Top of RECORDS FOR THIS EXERCISE

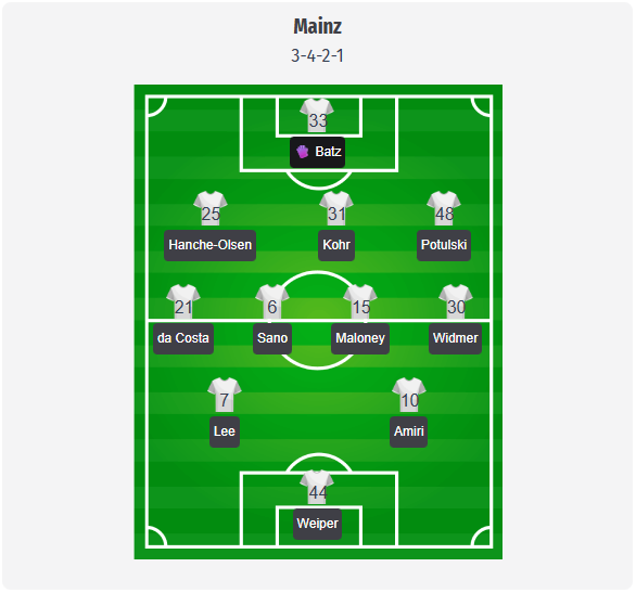 Mainz are expected to stick with Urs Fischer’s three-man back line, effectively a 3-4-2-1 that can drop into a back five without the ball. Batz starts in goal behind Hanche-Olsen, Kohr, and Potulski, who operate as center backs. Fullbacks da Costa and Widmer are expected to provide width and start the pressing on the wings, while keeping the center compact. In central midfield, Sano and Maloney are expected to form a strong running duo, with Lee and Amiri operating between the lines behind Weiper as the lone striker. This remains a predicted lineup, not a confirmed one, so Fischer could still adjust one or two positions. Injured regulars Zentner, Leitsch, Dal, Mwene, Caci, and Kawasaki are not expected to feature.
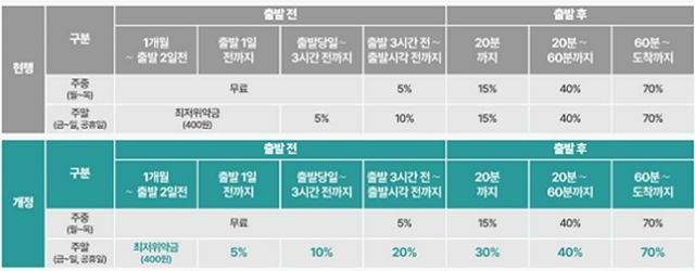 변경되는 주말 위약금 기준은 △열차 출발 2일전까지 400원 △열차 출발 1일전까지 400원 → 5% △출발 당일 3시간 전까지 5% → 10% △출발 3시간 전에서 출발시각 전까지 10% → 20% △출발 후 20분까지 15% → 30%로 강화된다.
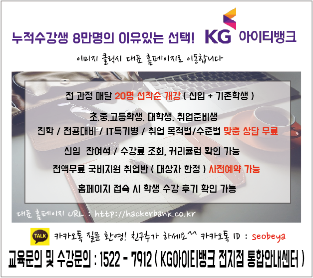 안녕하세요 KG아이티뱅크교육기관입니다.
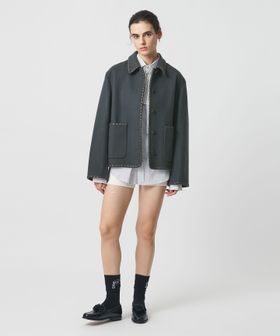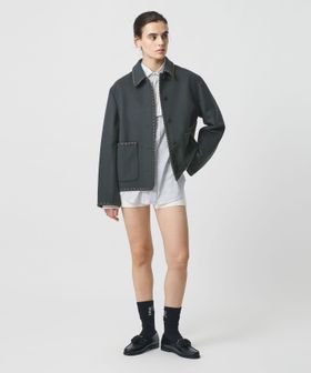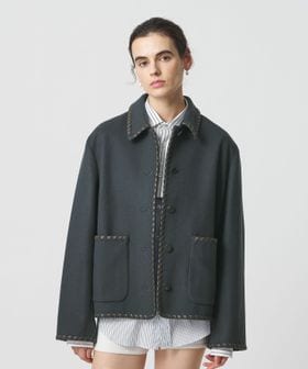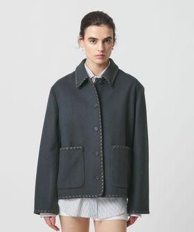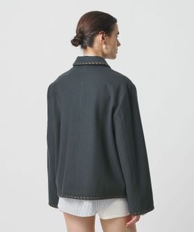 合成皮革のパイピングコードで飾りつけた、ショートレングスのメルトンジャケットです。品のある滑らかなボディに、ほんのり薫るウエスタン調のムードが新鮮な一着。愛らしさが際立つパッチポケットに、ボクシーなシルエット、長めのスリーブがさりげないニュアンスをプラス。軽快なデザインが日常に気負いなく楽しめ、力の抜けた大人のアーバンスタイルへと導きます。
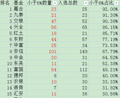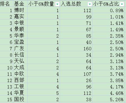 2. 有部分基金公司打新有了显著的下滑,数了一下这个月获配数量低于6%的基金公司产品数量。
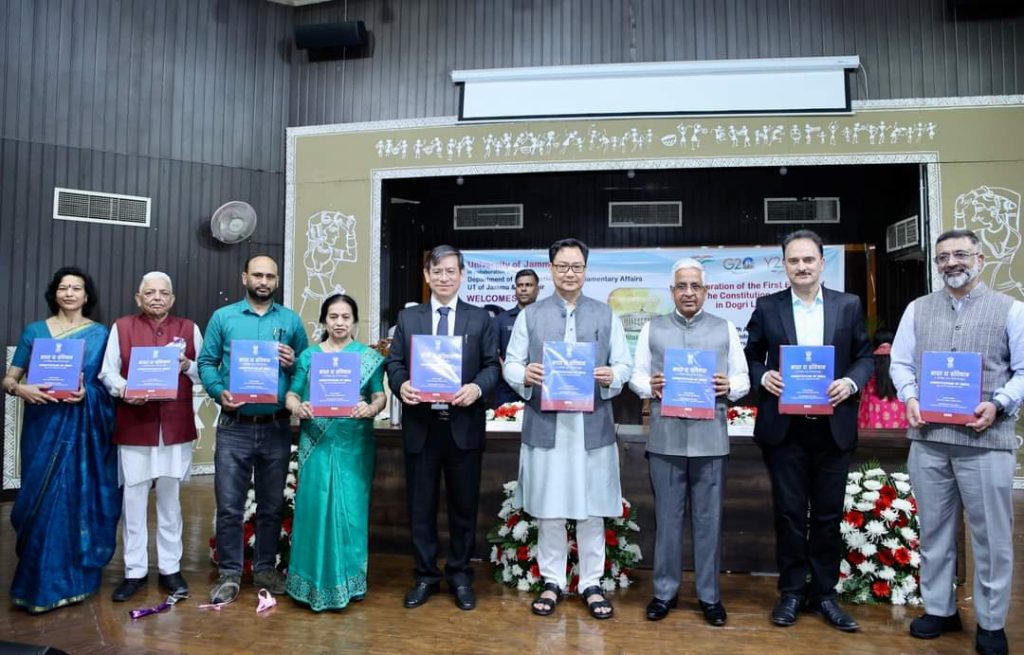 Extremely proud moment for Jammu & Kashmir as the first edition of the Constitution of India in #Dogri Language is launched at University of Jammu by Hon’ble Union Minister of Law and Justice Shri @KirenRijiju, tweets BJP J&K

Bottom of RECORDS FOR THIS EXERCISE

→ ASSIGNED TASK
The records above should be written out exactly, and the images dropped.

→ RESPONSE AREA
 Mainz are expected to stick with Urs Fischer’s three-man back line, effectively a 3-4-2-1 that can drop into a back five without the ball. Batz starts in goal behind Hanche-Olsen, Kohr, and Potulski, who operate as center backs. Fullbacks da Costa and Widmer are expected to provide width and start the pressing on the wings, while keeping the center compact. In central midfield, Sano and Maloney are expected to form a strong running duo, with Lee and Amiri operating between the lines behind Weiper as the lone striker. This remains a predicted lineup, not a confirmed one, so Fischer could still adjust one or two positions. Injured regulars Zentner, Leitsch, Dal, Mwene, Caci, and Kawasaki are not expected to feature.
 변경되는 주말 위약금 기준은 △열차 출발 2일전까지 400원 △열차 출발 1일전까지 400원 → 5% △출발 당일 3시간 전까지 5% → 10% △출발 3시간 전에서 출발시각 전까지 10% → 20% △출발 후 20분까지 15% → 30%로 강화된다.
 안녕하세요 KG아이티뱅크교육기관입니다.
 合成皮革のパイピングコードで飾りつけた、ショートレングスのメルトンジャケットです。品のある滑らかなボディに、ほんのり薫るウエスタン調のムードが新鮮な一着。愛らしさが際立つパッチポケットに、ボクシーなシルエット、長めのスリーブがさりげないニュアンスをプラス。軽快なデザインが日常に気負いなく楽しめ、力の抜けた大人のアーバンスタイルへと導きます。
 2. 有部分基金公司打新有了显著的下滑,数了一下这个月获配数量低于6%的基金公司产品数量。
 Extremely proud moment for Jammu & Kashmir as the first edition of the Constitution of India in #Dogri Language is launched at University of Jammu by Hon’ble Union Minister of Law and Justice Shri @KirenRijiju, tweets BJP J&K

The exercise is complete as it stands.